It's shell script and we can notice hash bang of Bash. Script declare some local variables and set language (locale) setting to standard C. Script supports start, stop, monitor (and status), restart, metadata and verify-all actions. That should mean it is compatible with LSB. Every action starts with verify_all function. With command clog_service_verify checks setting of all variables and theirs placement. If anything goes wrong, the resource agent ends with specific exit code.
Start action create config and its directory, PID, IP addresses and a few other parameters. Finally it will start the tomcat service with the defined parameters and check if it was successful. Stop action tries to stop it as a generic service and wait for its shutdown. Action status just check for its PID file and if it doesn't find it will exit with some code. Remaining actions meta-data, just print .metadata file to the output) and restart calls stop and start in succession.

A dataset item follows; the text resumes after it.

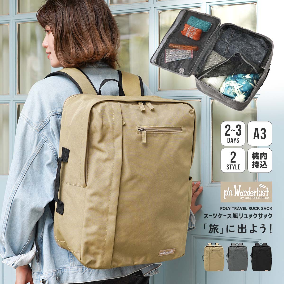 | 修学旅行・出張・部活遠征・週末旅行に! スーツケースのように大きく開くスクエア型リュックサック。A3サイズ対応の大容量で、Tシャツなら約18枚収納可能!夏なら3泊、冬なら2泊程度の荷物が入ります。 スーツケース風開閉でパッキングが快適。 背面ファスナーをぐるりと開けると大きくフルオープン!さらに、メイン収納部へはメッシュの仕切り付きで開閉時に中身があふれるのを防ぎます。もちろん正面からもメイン収納へアクセス可能。ちょっとした荷物の出し入れも快適。 ハンドル付きの2STYLE仕様。 本体はハンドスタイルの横持ちでも使えます。背面ポケットにショルダーを収納できるので取り扱いが楽!電車や飛行機の上部収納に置く時などもスマートに扱えます。 型崩れしにくく軽量で使い勝手抜群。 重さわずか655gのポリエステル製で、ぐるりと囲むように内側の側面に柔らかな芯材入り。荷物を入れても型崩れしにくくなっています。ショルダーには調節可能なチェストベルトとDカン付き。荷物が左右に揺れにくく安定をサポート。Dカンには小物やカラビナを取り付け可能。使いやすくアレンジできます。 修学旅行・部活遠征にも最適。 スクエアフォルムなのでユニフォーム・着替え・タオル・洗面道具などの整理も簡単!正面のA4対応ポケットはクリアファイルが入るサイズ感。資料や書類にパンフレット、タブレットケースやガイドブックなどの収納に最適。試合・合宿・研修・校外学習にも対応する万能設計です。 整理しやすい多収納構造 ・外側にA4、A6対応のファスナーポケットが1つずつ ・ペットボトルや折りたたみ傘用の外側サイドポケット×1 ・内側のA6対応ファスナーポケット×1 ・内側のA5対応仕切り付きのメッシュファスナーポケット×2 サラッとした手触りでしっかりとしたポリエステル生地を使用。どなたにも使いやすく合わせやすいカラー展開で、学生から社会人まで幅広く使えるシンプルなデザイン。 旅行・出張・推し活バッグとして、お子様の修学旅行バッグや部活の遠征バッグとしてなど、様々なシーンで活躍するリュックサック。 【旅に出よう!】プロペラヘッズ新シリーズ「ph wonderlust」。 トラベルをテーマにした、旅に便利なバッグ・小物シリーズから登場です。 |

New service can be added with "cluadmin service add". You will need a service script, information such as service name, IP address, type of relocation policy, script location, shared disk partition and so on. After its creation you can display resource configuration with "cluadmin show config relocate to another node and delete resource (remove the script and config). Redhat Cluster Suite (also cluadmin and clustat) is available as package group "Clustering".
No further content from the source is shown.